In the context of HDR displays, the more accurate presentation of specular highlights (assuming the entire video pathway is also HDR) is one of the key distinctions of HDR. In this century, vision science has been less dominated by diffuse reflective surfaces, and a number of perceptual articles have looked closely at specular reflection. More accurate display of speculars reflections can result in better 3D shape perception, even with 2D imagery (Interrante et al., 1997; Blake et al., 1993), especially if it is in motion. Other studies have found specular highlights can aid in better understanding of surface materials (Dror et al., 2004). For stereo imaging, the specular reflections have very unique properties (Muryy et al., 2014). Further, in terms of human preference, there is a long list of objects that are considered to have high value and which have very salient specular reflections (gold, jewelry, diamonds, crystal glass chandeliers, automobile finishes, etc.) as well as low-cost objects that have appeal to the very young (sparkles). The emissive regions have a long history in entertainment (campfires, fireworks, stage lighting, lasers, etc.). There also appear to be physiologically calming effects of certain specular reflections, such as those on the surface of water as vacation destinations with large bodies of water significantly dominate other options. For those who like to entertain evolutionary psychology, all of this allure of specular reflections and highlights in general might derive from the fact that in most natural scenes, specular reflections only arise from what is one of land creatures’ most basic need: water.

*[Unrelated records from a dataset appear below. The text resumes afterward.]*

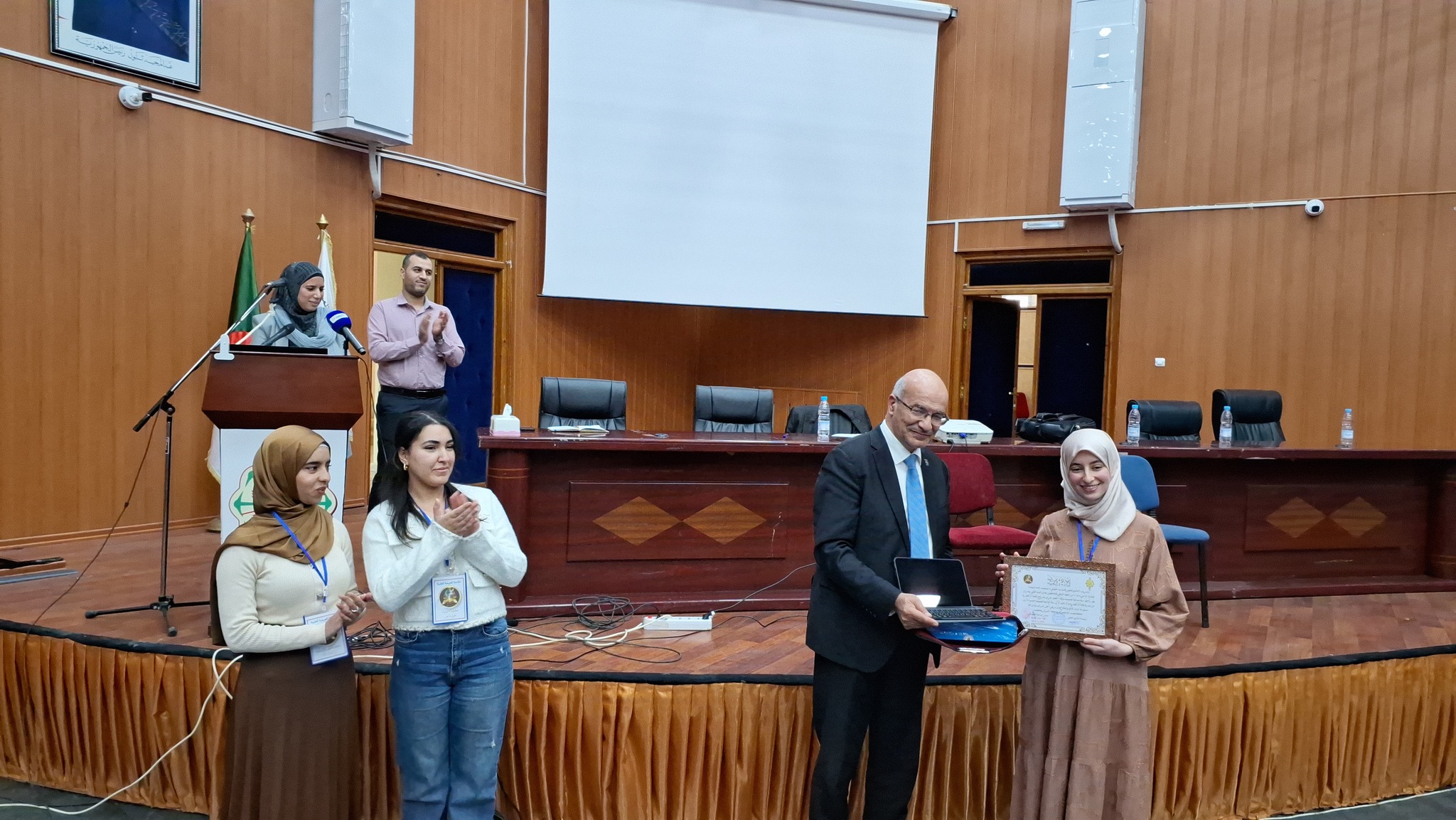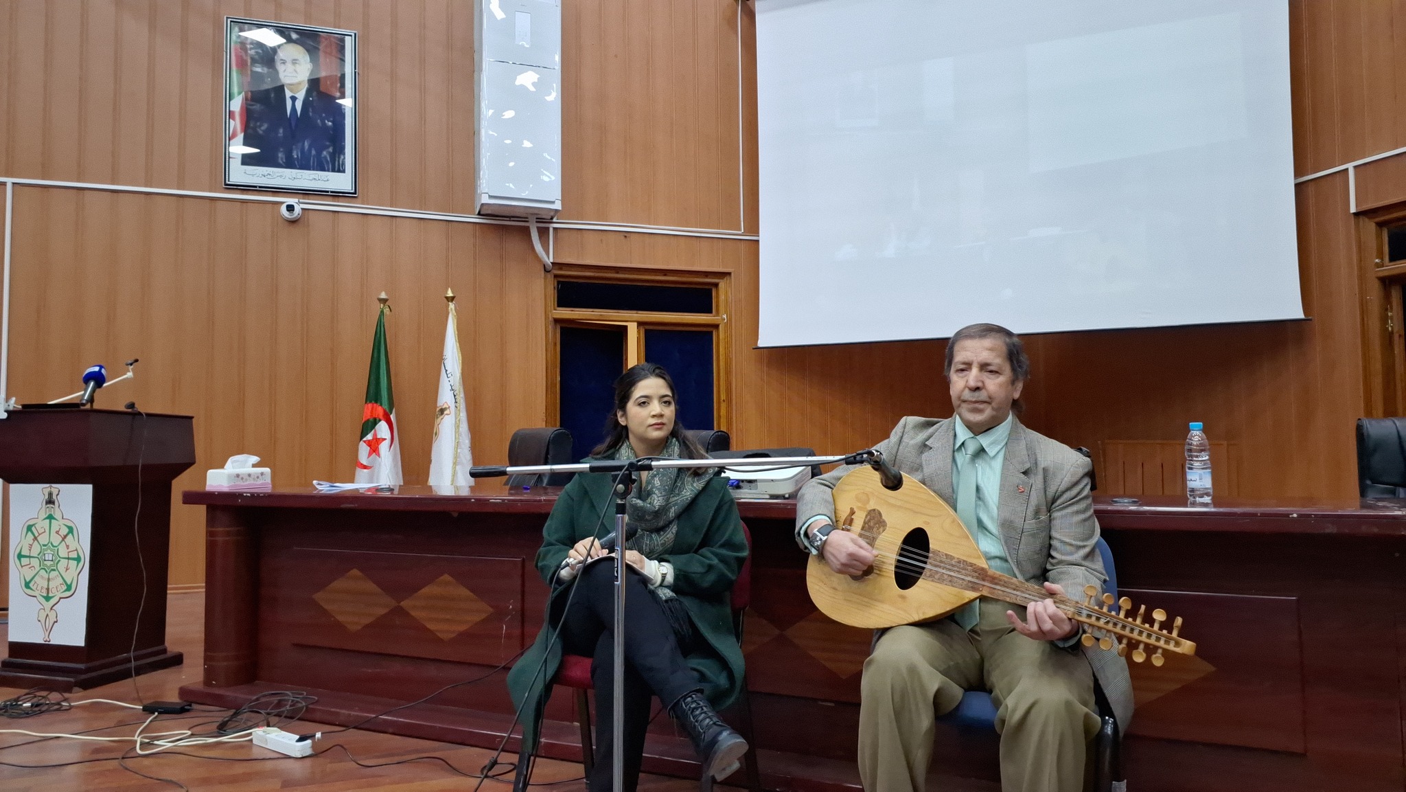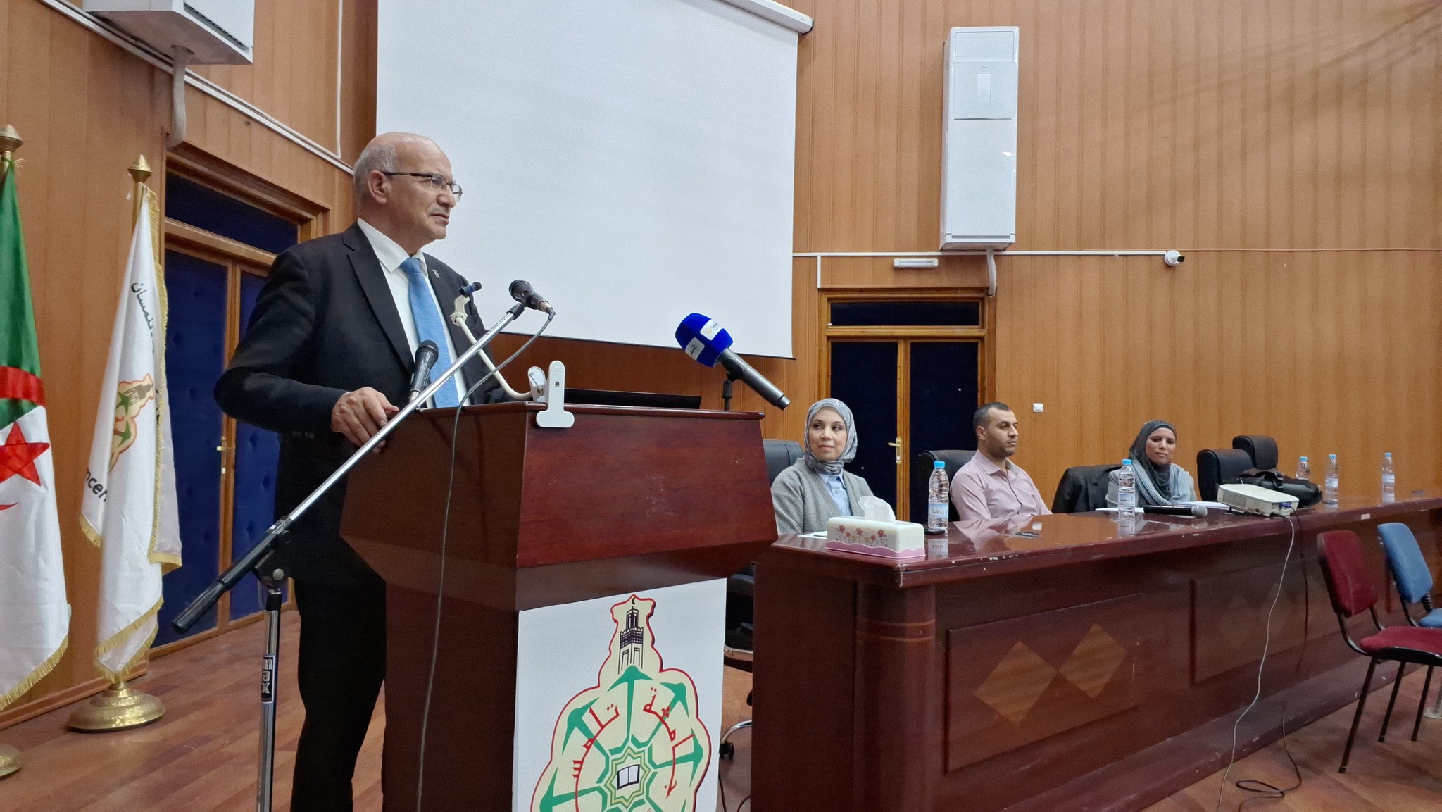 The event took place at the Conference Hall of the Faculty of Foreign Languages, in the presence of Prof. Abderrahmane Kherbouche, Dean of the Faculty of Letters and Languages; Mr. Ben Aïssa Azzedine, Assistant Dean; Mrs. Wasilla Mouro, Dean of the Faculty of Foreign Languages; as well as several faculty supervisors and students from various disciplines.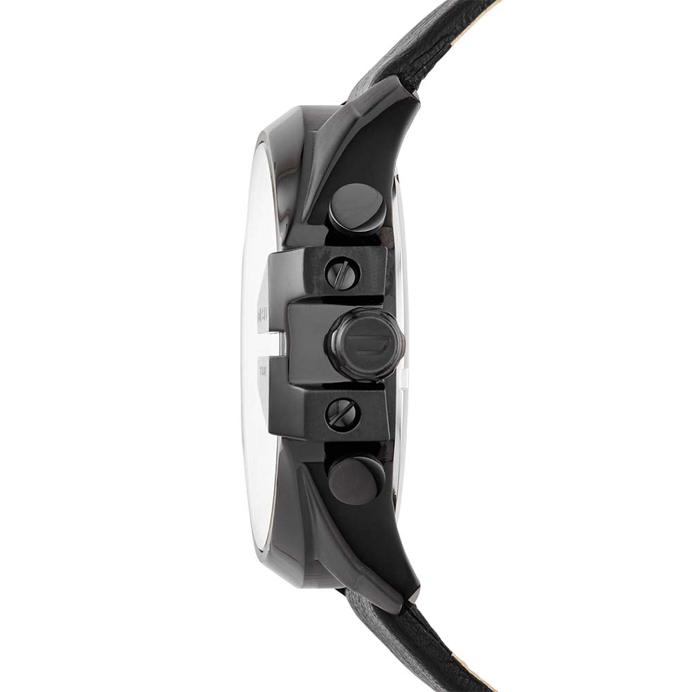 Diesel Mega Chief Chronograph Black Dial Black Leather Strap Watch For Men - DZ4323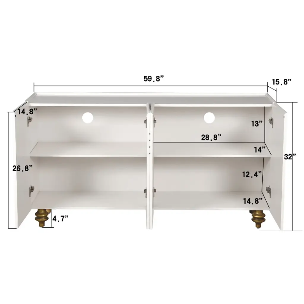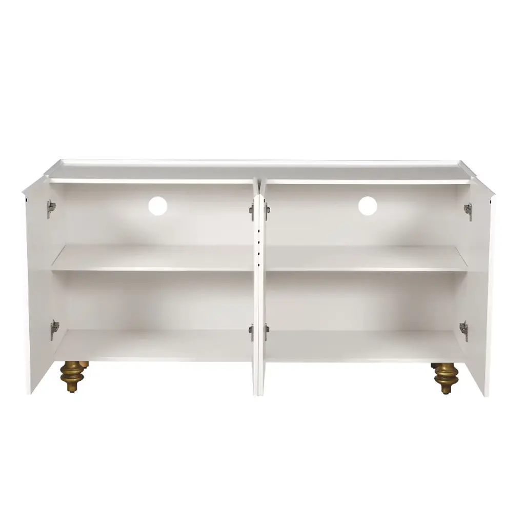 Introducing the Modern Fluted Gold Regular Line 4-Door Cabinet, a sleek and durable furniture piece designed to elevate your home decor. Crafted with a modern line groove door design and sturdy MDF board construction, this cabinet ensures long-lasting durability and style. Featuring distinctive gold elements such as curve designs and gourd feet, this cabinet adds a touch of sophistication to your space. The adjustable shelf and pre-wired holes enhance practicality and functionality, allowing for customized storage solutions. The groove design on the cabinet's surface not only adds visual interest but also provides a practical solution for organizing small items and preventing slips. Whether used as a TV cabinet, living room storage, or display unit, this cabinet combines style and functionality to showcase your taste in home decoration. With its elegant design and practical features, the Modern Fluted Gold Regular Line 4-Door Cabinet is a standout piece that complements any modern living space.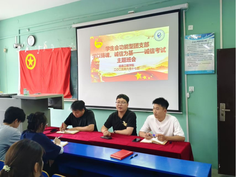为了强化诚信意识,培育优良学风,构建诚信校园环境,信息工程开元平台(中国)科技公司于2025年6月17日在综北305教室开展“学以铸魂,诚信为基”主题会议。参加此次会议的有学生组织指导老师张家铭和全体学生干部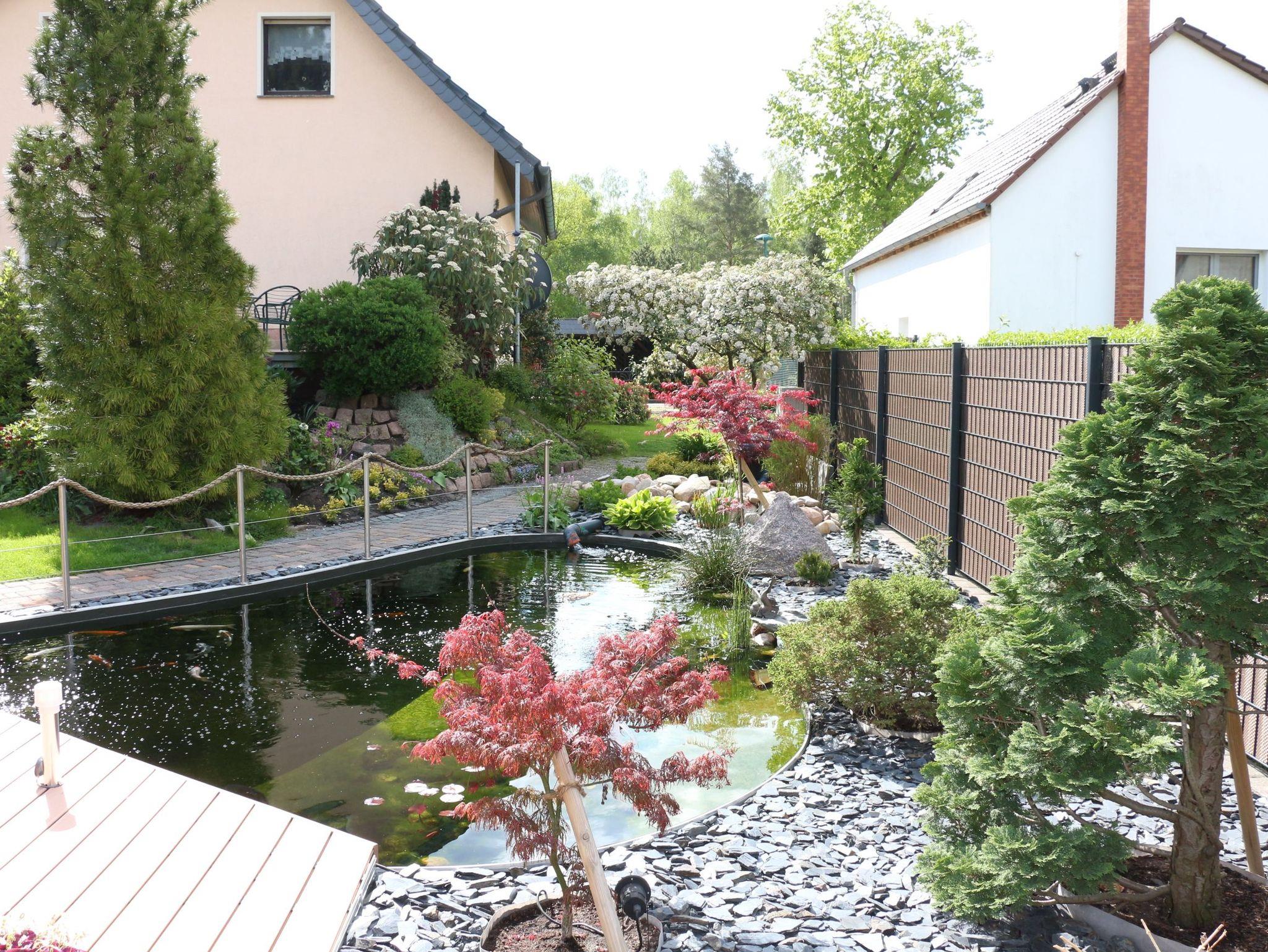 Eine ebenerdige Terrasse mit Grillmöglichkeit und Blick auf den Garten mit Teich ist ebenso für die Gäste nutzbar wie der eigene Parkplatz auf dem Grundstück.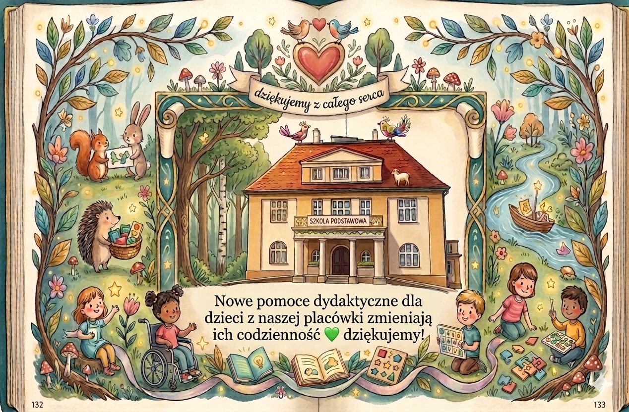 została w całości przeznaczona na zakup nowoczesnych pomocy edukacyjnych dla dzieci z naszej placówki. Nowe materiały dydaktyczne już służą naszym uczniom i przedszkolakom, pomagając im każdego dnia odkrywać świat i rozwijać swoje talenty.
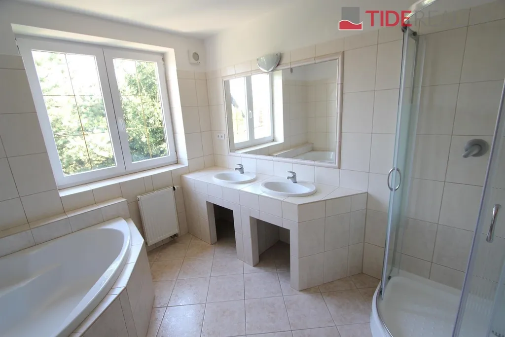 Velice pěkný prostorný a nezařízený dům (6 + 1, 290 m2) s velkou zahradou (711 m2) nabízí 5 ložnic, obývací pokoj s krbem, velkou zimní zahradu a terasu, krytý bazén, plně vybavenou kuchyň, 3 koupelny. Podlahové topení, vestavěné skříně, nízké náklady na vytápění (tepelné čerpadlo), garáž pro 2 auta. PENB třída C. Vhodné pro rodiny s dětmi, uprostřed krásné přírody s dobrou dostupností do centrální Prahy. Nájemné 69.900, Kč / měsíc. Zálohy na služby a energie 14.000, Kč/ měsíc jednou ročně zúčtovatelné dle skutečné spotřeby Nájemce. Volné od dubna 2026.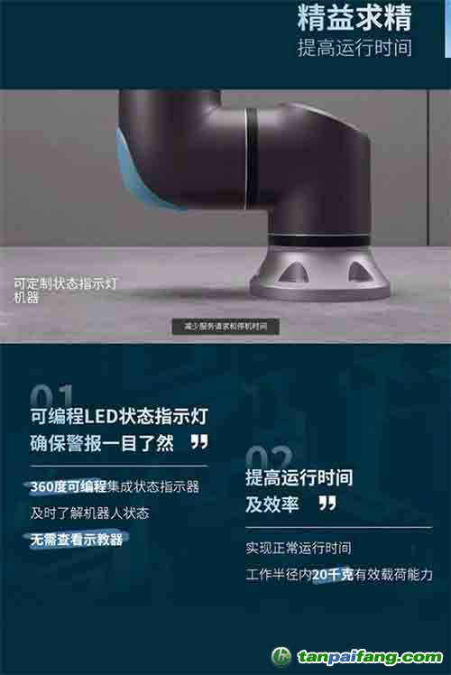 經(jīng)過風(fēng)險評估,ur機(jī)器人是不必設(shè)置安全圍欄的,旁邊協(xié)同工作的員工不用擔(dān)心會有危險,而且URe系列協(xié)作機(jī)械臂表面光滑,關(guān)節(jié)處無尖角,這樣就避免了員工在操作時可能出現(xiàn)的傷害,在經(jīng)過德國技術(shù)檢驗(yàn)協(xié)會的安全認(rèn)證后,隨即投入市場。6月新發(fā)布的UR20可編程LED狀態(tài)指示燈釋放警報信號,無需查看示教器,就可以將機(jī)器人狀態(tài)一目了然,提高工作場所安全性。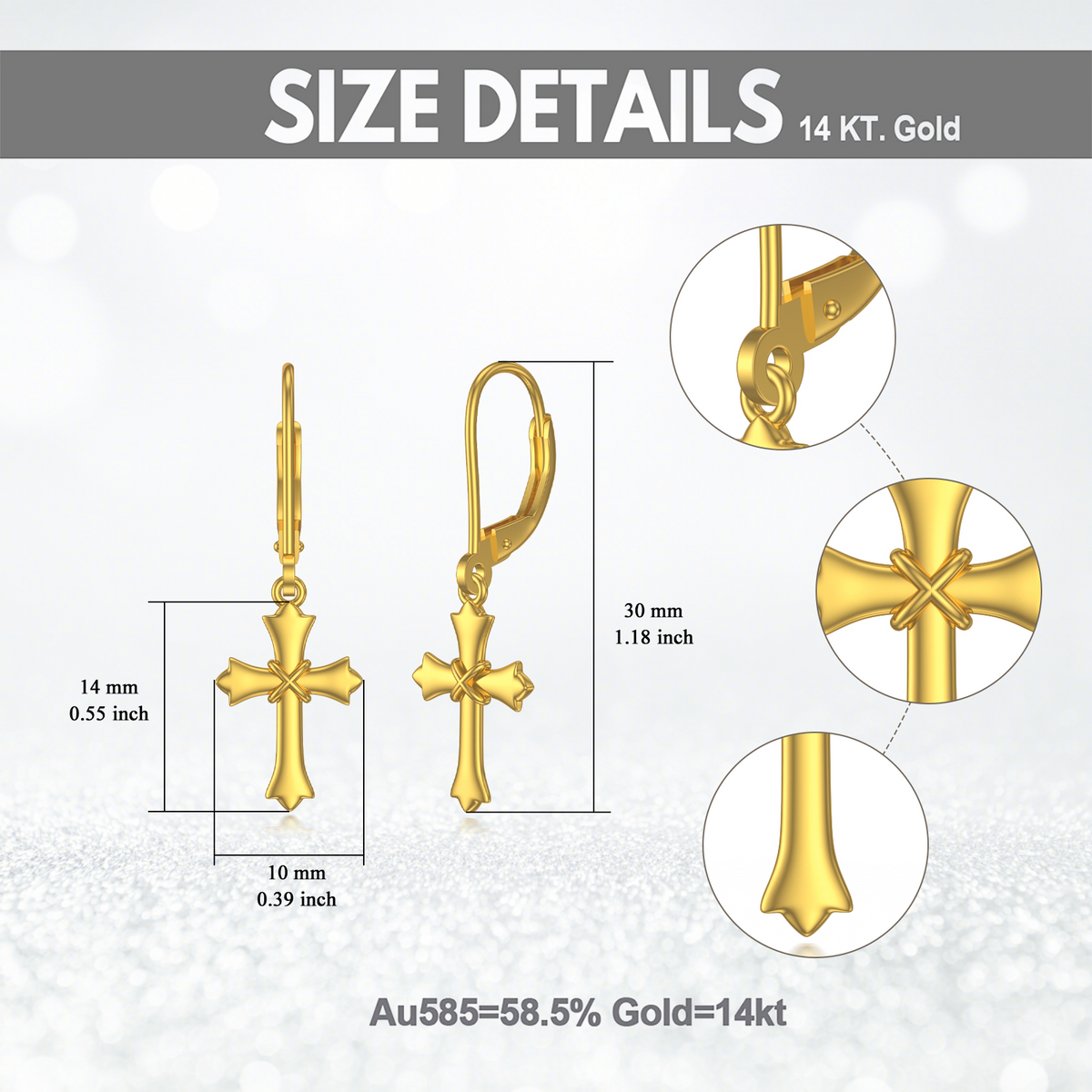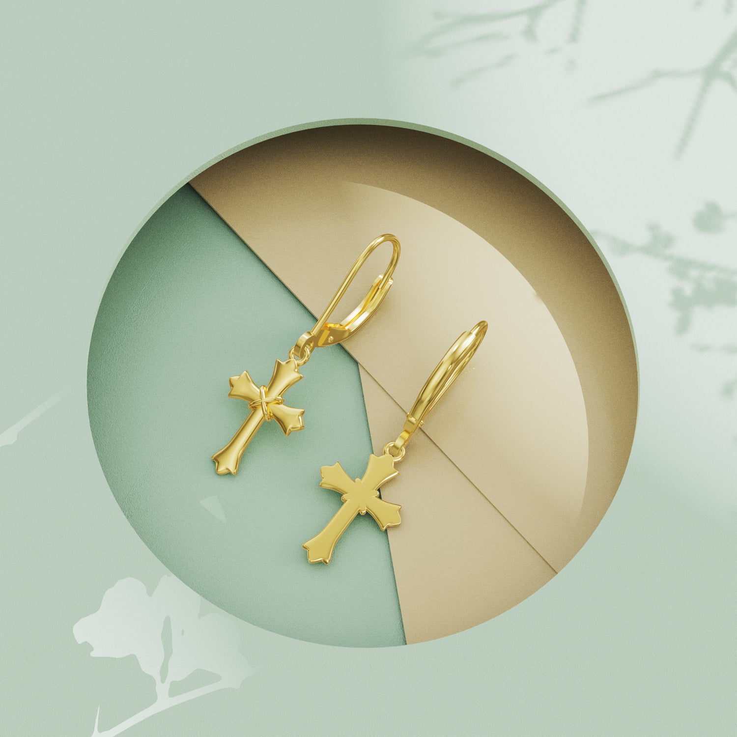 Made from high-quality 14K Gold, these stone-free Lever-back Earrings feature a classic Cross shape.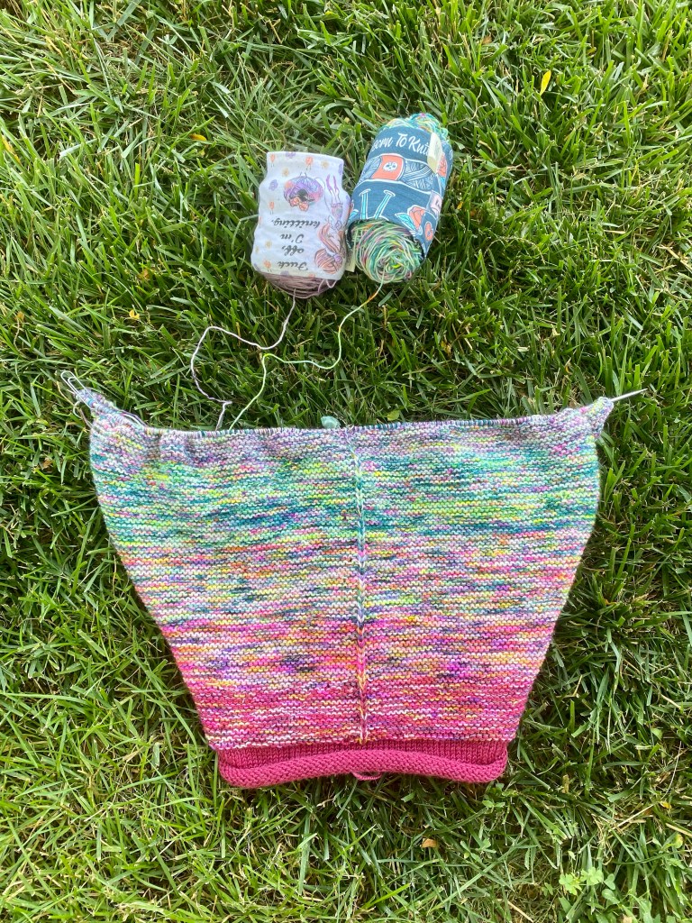 Yarn: Mrs Crosby Hat Box in Pansy (purple), green variagated mystery sock yarn, Spunky Eclectic Spunky Sock in Wild Child (pink) and Shibui Knits Staccato in Raspberry

In the previous sections, we introduced the main concepts of HDR: contrast, quantization, and tone curves. So far, all those concepts were discussed from an achromatic point of view. However, our visual system perceives color, and therefore adding the chromatic component to HDR concepts is a natural consequence.
Of course, HDR imaging offered the capabilities to work with color images from the start. When one is working with real-world luminance levels, the colorimetric accuracy of HDR imaging can be high. However, if tone reproduction and tone mapping as well as efficient compression are taken into consideration, simple color mapping approaches can lead to large perceptual errors. For example, basic tone-mapping approaches (eg, Schlick, 1994; Reinhard et al., 2010) can lead to large variations regarding their output rendition and consequent appearance of a remapped HDR image. This makes the colorimetric and perceptual quantification as well as the consistency of such models challenging.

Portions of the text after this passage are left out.